Puerto Rico’s future relies on our young, who in my opinion are not being treated as needed and are not being provided with the necessary tools for their development. Our mission statement states that “BioPharma strives to provide opportunities for growth and enrichment to our employees, business partners and the community in which we operate”; a grant-based program is being developed for 5th and 6th graders. The purpose of this program is to reward their efforts and motivate them to keep studying mathematics and sciences.
In addition, and in alliance with “Iniciativa Tecnologica del Norte” (INTENOR) this program will bring them closer to an “Entrepreneurship Experience.” We believe that rewarding our youth efforts while opening their eyes to an entrepreneurial ecosystem will kickstart their aspiration for a brighter future, a brighter society focused on entrepreneurship.
How do you assess the service provider industry’s future, both in and beyond Puerto Rico?
A couple of years ago, we identified visual inspection as a sector in which other competitors were not paying attention. BCS has built expertise in that area. We have been working in projects on vision inspection in the US and Puerto Rico, including manual, semi-auto, and automated. We have FDA commitments related to vision inspections, new processes for new facilities that are already PAI-approved.
We have also provided associate services to vision inspection, and BCS is designing and manufacturing tools to make those processes easier. We are obtaining patents with some of them. The company is working with industry players on the island who do vision inspection to create a group called the “Puerto Rico Visual Inspection Committee” in order to harmonize processes and further studies on visual inspection. The intention is to help local professionals from Puerto Rico to branch out internationally. Through the committee they can go from Puerto Rico to the rest of the world. We are also working on being the work source for inspectors and training facilities so the big players can outsource that.
Developing a niche is a good strategy for companies that want to succeed.
Ultimately it relies on strategic management. Each case is different; each provider needs to assess the internal and external factors, look at their strengths and weaknesses and decide on a strategy.
What is your vision for the future of the Puerto Rican life sciences industry and what role will BCS play within that?

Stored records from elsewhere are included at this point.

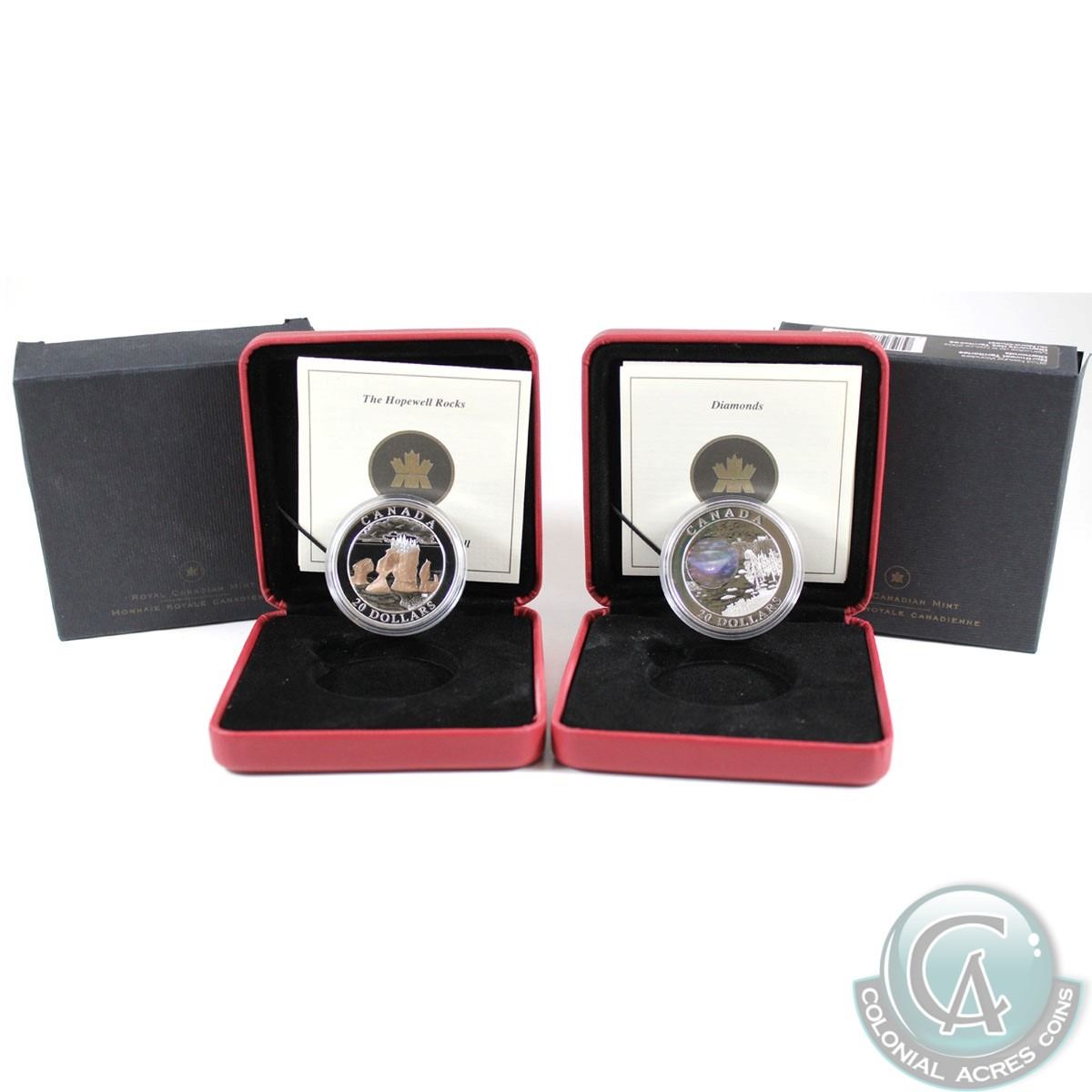 2004 Canada $20 Natural Wonders - Hopewell Rocks & 2005 NWT Diamonds Fine Silver Coins. 2pcs (TAX Exempt)
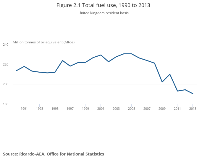 Total fuel use fell between 2012 and 2013 by 2.0% to 190.3 Million tonnes of oil equivalent (Mtoe) (Figure 2.1). Fuel use in 2013 was at the lowest point in the series, 10.9% lower than 1990.
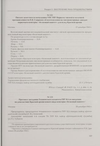 Протокол заседания Технического комитета ГИУ КА по введению на довольствие Красной армии нового вида консерва «белковый паштет». Москва, 28 декабря 1943 г. // РГА в г. Самаре. Ф. Р-623. Оп. 1-1. Д. 884. Л. 11—12. Машинопись. Заверенная копия.
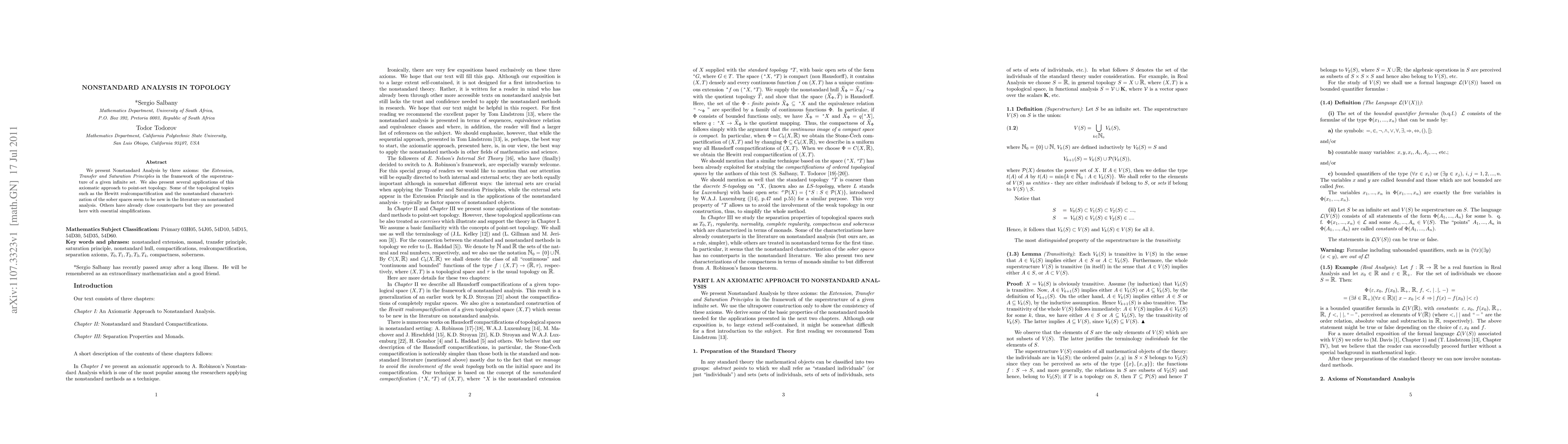 We present Nonstandard Analysis by three axioms: the {\em Extension, Transfer and Saturation Principles} in the framework of the superstructure of a given infinite set. We also present several applications of this axiomatic approach to point-set topology. Some of the topological topics such as the Hewitt realcompactification and the nonstandard characterization of the sober spaces seem to be new in the literature on nonstandard analysis. Others have already close counterparts but they are presented here with essential simplifications.

Puerto Rican life sciences is a decades-old industry, globally known for its production quality. So, our manufacturing knowledge is one of our advantages. Still, infrastructure costs need to be revised to enhance our attractiveness for external capital investments. Meanwhile, BCS’ services on external markets will be the voice of the quality professionals residing on the island. As mentioned earlier; based on the latter we are advising South American manufacturers on how to establish manufacturing facilities on the island.
What objectives have you set for BCS to grow in the next five years?
BCS has a Business Strategic Plan which constantly monitors all factors (internal as well as external) and design or redesign of our strategy. Exports to emerging markets will be a big player in our future. As a matter of fact, we are currently researching the Cuban market as one of those possibilities. In concrete terms, our strategies are market development for exports and market penetration for the local side.
As a result of globalization, the healthcare and life sciences community became one big community. It is our job to strengthen links and maximize the international collaboration. For that, organizations such as PharmaBoardroom are essential; we should support them in fulfilling their mission while taking advantage of the community of collaboration and communication.